*Records for this task*:
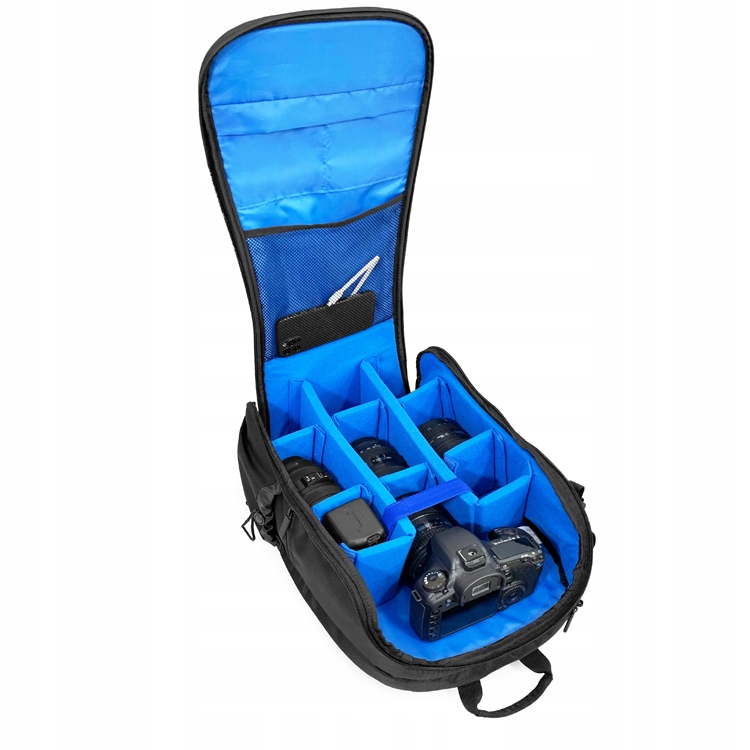 У нього можна розмістити цифрову дзеркальну камеру зі спалахами та кількома об’єктивами залежно від їхніх розмірів, а також необхідні аксесуари. Додаткові кишені та відділення допоможуть упорядкувати дрібні речі, такі як карти пам’яті, зчитувач, кабелі чи особисті речі. Блискавка забезпечує швидкий доступ до внутрішньої частини. Крім того, рюкзак має відділення, куди можна помістити ноутбук або планшет.
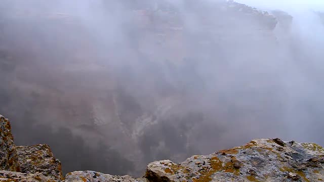 Fog blowing up and out of the Grand Canyon.
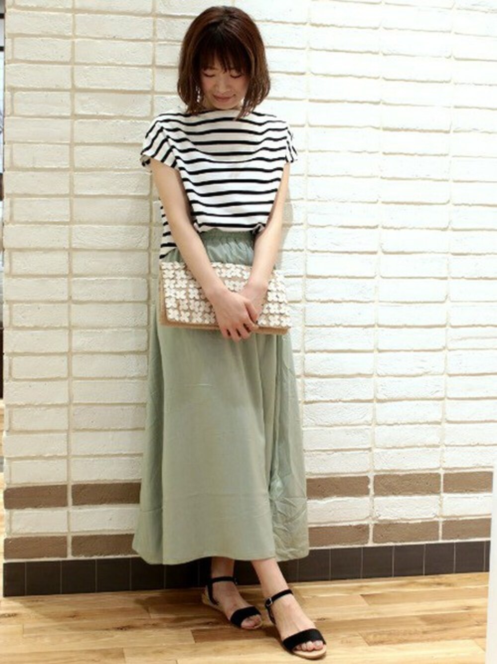 ☆キュートカラーのマキシスカート&ボーダー 程よい光沢とマスカットグリーンがさわやかなマキシスカートは、 リバーシブルで履ける優秀アイテム。 デイリーならコットン素材のボーダーTシャツにさらりと合わせるだけでもOK。 遊び心のあるGOODSをプラスすれば気分も上がります!
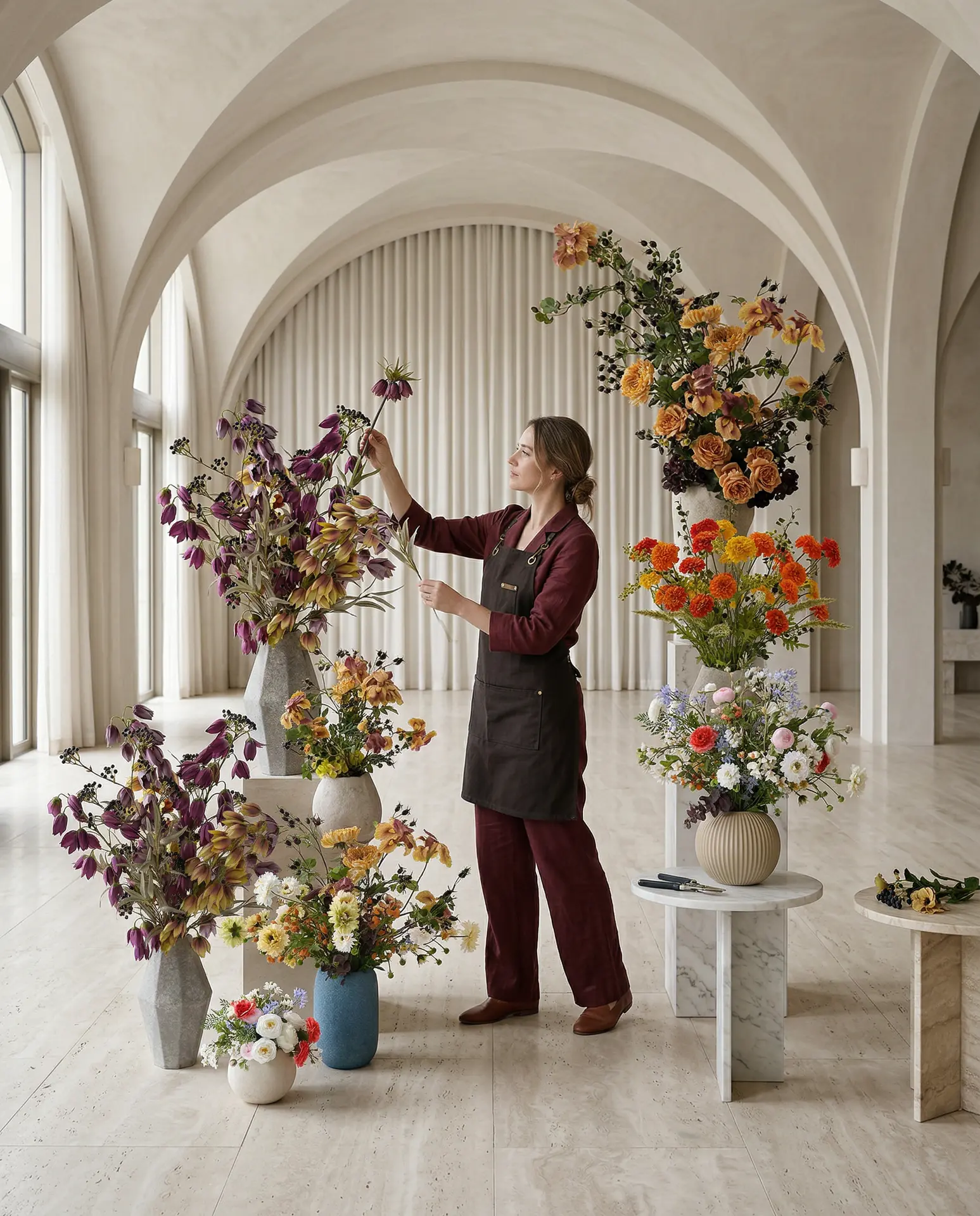 Gunay personally visited Portuguese vase producers to carefully select designs that perfectly align with our vision of natural elegance. Collaborating with skilled artisans, we chose vases crafted from high-quality materials that mimic organic textures and tones, ensuring they enhance the beauty of our silk flower arrangements.
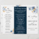 This Tri-fold wedding program features dusty blue, white, gold, rose flowers, and eucalyptus. Personalize with your wedding details and please find matching designs from my "DreamHut" store.
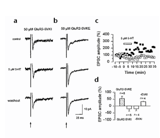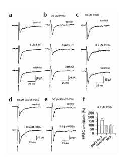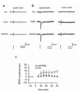 Silent synapses form between some primary sensory afferents and dorsal horn neurons in the spinal cord. Molecular mechanisms for activation or conversion of silent synapses to conducting synapses are unknown. Serotonin can trigger activation of silent synapses in dorsal horn neurons by recruiting AMPA receptors. AMPA-receptor subunits GluR2 and GluR3 interact via their cytoplasmic C termini with PDZ-domain-containing proteins such as GRIP (glutamate receptor interacting protein), but the functional significance of these interactions is unclear. Here we demonstrate that protein interactions involving the GluR2/3 C terminus are important for serotonin-induced activation of silent synapses in the spinal cord. Furthermore, PKC is a necessary and sufficient trigger for this activation. These results implicate AMPA receptor–PDZ interactions in mechanisms underlying sensory synaptic potentiation and provide insights into the pathogenesis of chronic pain.
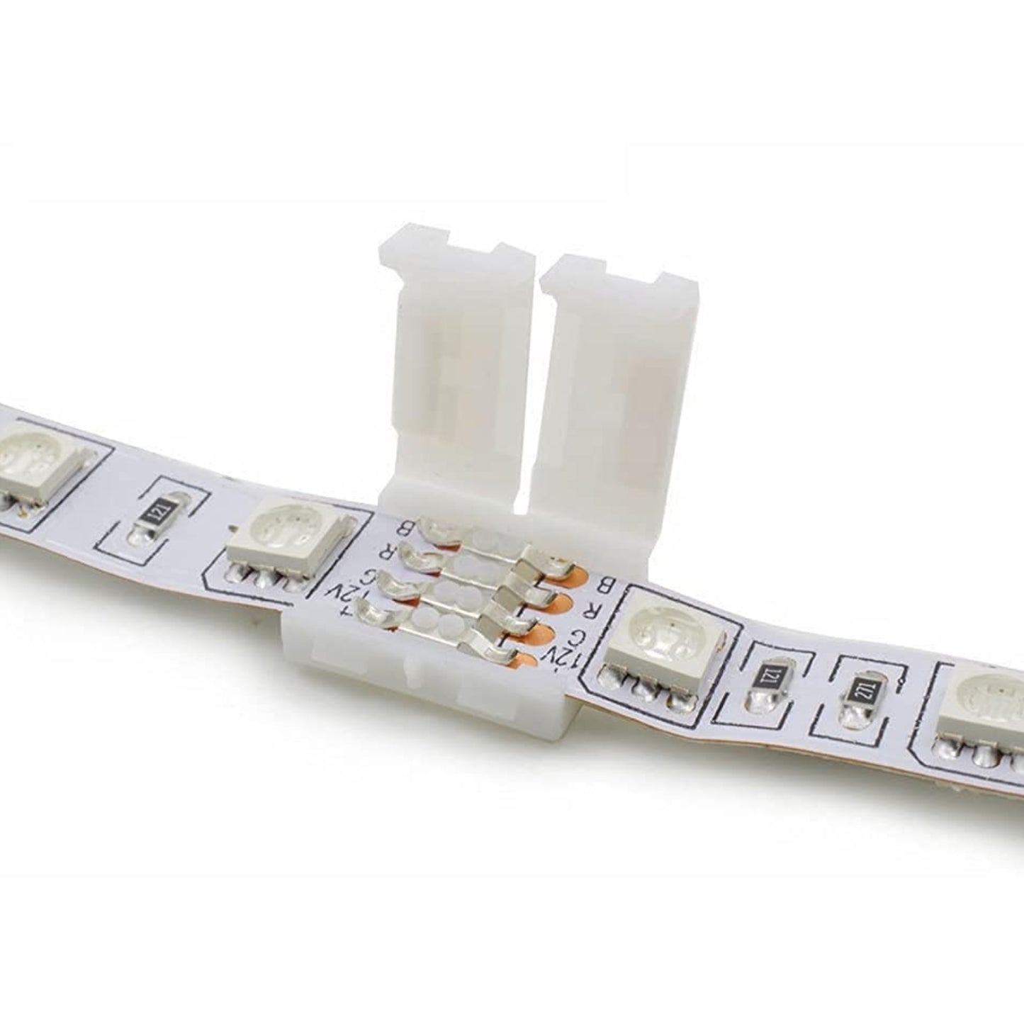 Connect between two 5050 LED strip sections to bypass/bend around a corner, curve, angle, or gap, making the connection natural and beautiful. Locks the LED light strip very tightly. 4-pin LED Light Strip Connector is better than the corner connectors because you don't waste space with the wires that connect them, the two strips literally join together right at this connector.
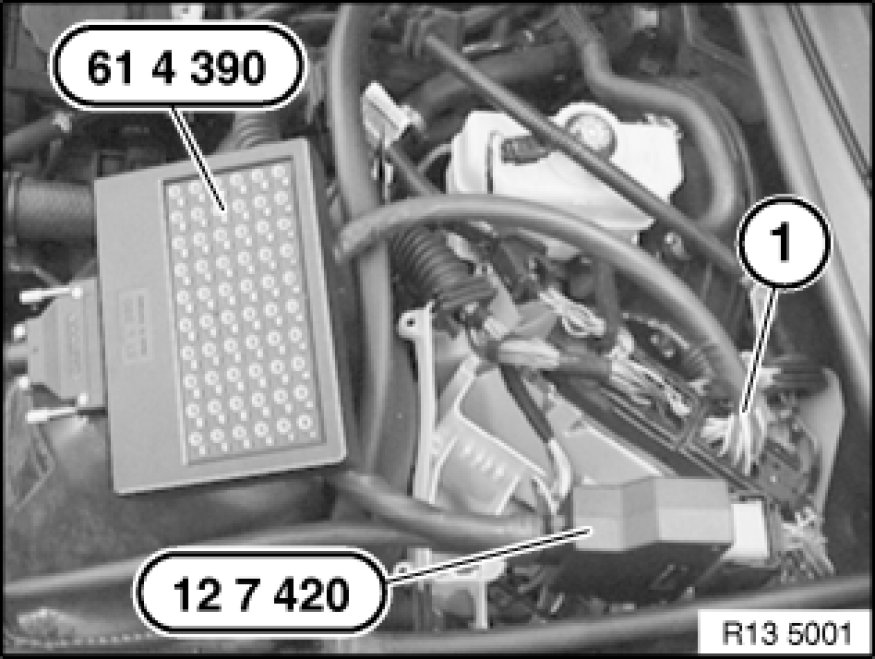 Connect special tools 12 7 420 and 61 4 390 61 4 390 Measuring Box, 60-Pin to control unit plug (X2412).
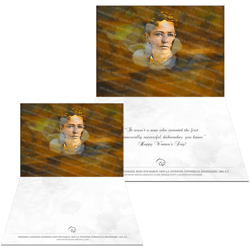 History: This Greetings Card for Women's Day features a photoart representation of a black and white portrait of Josephine Garis Cochrane. Born on the 8th of March in 1839 A.D., Josephine invented the first commercially successful dishwasher, patented in 1886 A.D.
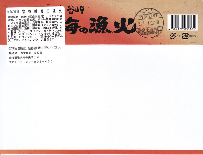 稚内駅では売られず、スーパーやデパートなどの催事で売られる疑義駅弁。2020(令和2)年1月の京王百貨店の駅弁大会で実演販売。輸送や実演で催事に出てくる稚内駅弁は、今までは稚内駅立売商会のものと決まっていたが、ふじ田が出てきて驚いた。普段は駅の隣の商業施設の立ち食いそば店で、以前は駅舎の食堂で、惣菜容器に商品名を貼り付けた弁当も販売している調製元。それを知っていると、見た目で駅弁らしい、催事で映える賑やかな絵柄のスリーブを使うところから違和感を覚えた。
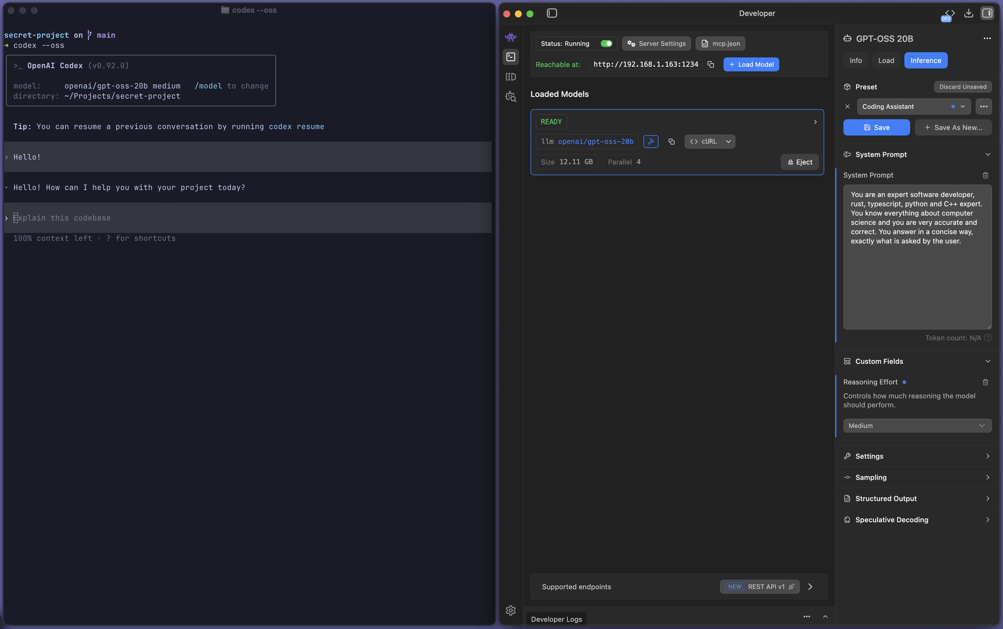 lms server start --port 1234Run Codex against a local model

*Required work*:
Without changing a word, transcribe all of the data and omit its images.

*Task result*:
 У нього можна розмістити цифрову дзеркальну камеру зі спалахами та кількома об’єктивами залежно від їхніх розмірів, а також необхідні аксесуари. Додаткові кишені та відділення допоможуть упорядкувати дрібні речі, такі як карти пам’яті, зчитувач, кабелі чи особисті речі. Блискавка забезпечує швидкий доступ до внутрішньої частини. Крім того, рюкзак має відділення, куди можна помістити ноутбук або планшет.
 Fog blowing up and out of the Grand Canyon.
 ☆キュートカラーのマキシスカート&ボーダー 程よい光沢とマスカットグリーンがさわやかなマキシスカートは、 リバーシブルで履ける優秀アイテム。 デイリーならコットン素材のボーダーTシャツにさらりと合わせるだけでもOK。 遊び心のあるGOODSをプラスすれば気分も上がります!
 Gunay personally visited Portuguese vase producers to carefully select designs that perfectly align with our vision of natural elegance. Collaborating with skilled artisans, we chose vases crafted from high-quality materials that mimic organic textures and tones, ensuring they enhance the beauty of our silk flower arrangements.
 This Tri-fold wedding program features dusty blue, white, gold, rose flowers, and eucalyptus. Personalize with your wedding details and please find matching designs from my "DreamHut" store.
 Silent synapses form between some primary sensory afferents and dorsal horn neurons in the spinal cord. Molecular mechanisms for activation or conversion of silent synapses to conducting synapses are unknown. Serotonin can trigger activation of silent synapses in dorsal horn neurons by recruiting AMPA receptors. AMPA-receptor subunits GluR2 and GluR3 interact via their cytoplasmic C termini with PDZ-domain-containing proteins such as GRIP (glutamate receptor interacting protein), but the functional significance of these interactions is unclear. Here we demonstrate that protein interactions involving the GluR2/3 C terminus are important for serotonin-induced activation of silent synapses in the spinal cord. Furthermore, PKC is a necessary and sufficient trigger for this activation. These results implicate AMPA receptor–PDZ interactions in mechanisms underlying sensory synaptic potentiation and provide insights into the pathogenesis of chronic pain.
 Connect between two 5050 LED strip sections to bypass/bend around a corner, curve, angle, or gap, making the connection natural and beautiful. Locks the LED light strip very tightly. 4-pin LED Light Strip Connector is better than the corner connectors because you don't waste space with the wires that connect them, the two strips literally join together right at this connector.
 Connect special tools 12 7 420 and 61 4 390 61 4 390 Measuring Box, 60-Pin to control unit plug (X2412).
 History: This Greetings Card for Women's Day features a photoart representation of a black and white portrait of Josephine Garis Cochrane. Born on the 8th of March in 1839 A.D., Josephine invented the first commercially successful dishwasher, patented in 1886 A.D.
 稚内駅では売られず、スーパーやデパートなどの催事で売られる疑義駅弁。2020(令和2)年1月の京王百貨店の駅弁大会で実演販売。輸送や実演で催事に出てくる稚内駅弁は、今までは稚内駅立売商会のものと決まっていたが、ふじ田が出てきて驚いた。普段は駅の隣の商業施設の立ち食いそば店で、以前は駅舎の食堂で、惣菜容器に商品名を貼り付けた弁当も販売している調製元。それを知っていると、見た目で駅弁らしい、催事で映える賑やかな絵柄のスリーブを使うところから違和感を覚えた。
 lms server start --port 1234Run Codex against a local model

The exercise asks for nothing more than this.